# RDP über 2 Router weiterleiten an lokalen PC



## PhoenixDH (2. März 2010)

Hallo zusammen,

*ich habe folgendes Problem:*
Ich betreibe zu Hause 2 W-Lan Router, da einer wegen dem Empfang nicht ausreicht. Jetzt werden sich manche fragen wieso 2 Router:
Ich habe nen neuen bekommen und habe dazu den alten weiter betrieben. Da ich auf das WLAN angewiesen bin habe ich das so
gemacht und habe keinen reinen AP oder so verwendet.

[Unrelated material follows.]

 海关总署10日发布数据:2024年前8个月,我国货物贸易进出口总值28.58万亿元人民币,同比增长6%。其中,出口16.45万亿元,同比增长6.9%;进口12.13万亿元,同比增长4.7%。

Jetzt möchte ich über das Internet und DYNDNS per RDP (Port 3389) auf meinen PC im lokalen Netzwerk zugreifen, was leider nicht funktioniert.

*Modelle:*
Vodafone Easybox 802
Netgear WGR 614

*Technische Umsetzung:*
Die Easybox ist mit dem Internet verbunden und baut die Verbindung auf / WLAN aktiviert
Der Netgear ist mit seinem WAN Port mit dem Switch per Kabel mit der Easybox verbunden / WLAN aktiviert

*IP-Netze:*
WAN Netz Vodafone: vom ISP zugewiesen
LAN Netz Vodafone: 192.168.9.1 (Gateway) - 192.168.9.XXX
WAN NETZ Netgear: 192.168.9.2
LAN Netz Netgear: 192.168.99.1 (Gateway) - 192.168.99.XXX

*Verbindung des Client:*
Mein Clinet auf den ich zugreifen möchte ist per WLAN mit dem Netgear Router verbunden: 192.168.99.21 / Gateway und DNS: 192.168.99.1
Die Verbindung klappt 100%, surfen etc. ist gar kein Problem.

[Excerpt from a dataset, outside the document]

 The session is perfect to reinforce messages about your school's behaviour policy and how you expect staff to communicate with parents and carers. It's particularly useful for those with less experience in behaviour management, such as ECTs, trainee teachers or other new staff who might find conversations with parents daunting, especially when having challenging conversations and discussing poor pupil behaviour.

*Weiterleitung RDP - Port 3389:*
Vodafone Router: leitet Port 3389 weiter zu 192.168.99.2 (WAN Port Netgear)
LAN-IP / Protokoll / LAN Port / öffentlicher Port
192.168.9.2 / TCP&UDP / 3389 / 3389

Netgear Router: leitet Port 3389 weiter zu 192.168.99.21
Anfangs-Port / End-Port / Server
3389 / 3389 / 192.168.99.21

Das DYNDNS auf dem Vodafone Router ist eingerichtet und aktiviert sowie getestet, funktioniert.

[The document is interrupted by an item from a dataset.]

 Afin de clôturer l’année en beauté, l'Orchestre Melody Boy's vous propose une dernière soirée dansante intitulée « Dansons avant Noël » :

Ich weiß, das ganze könnte ich auch so realisieren das ich den Netgear Router als einfachen SWITCH ohne den WAN Port nutze, aber das ganze muss doch auch so gehen!

--------------------------------------------------------

Also wenn ich es direkt von dem Rechner auf dem ich mich aufschalten will über die DYNDNS Adresse versuche bekomme ich ein Anmeldefenster, aber ich kann mich nicht anmelden.
Hat das dann überhaupt was mit der Routerkonfiguration zu tun?


----------



## PhoenixDH (4. März 2010)

Wie ich schon vermutet habe ist die Konfig eigentlich richtig.
Mein IPhone RDP Programm bekommt das scheinbar nur net auf die Reihe sich zu verbinden, aber mit einem anderen PC klappt das!

Nur VNC klappt net, aber das werde ich auch noch hinbekommen.


----------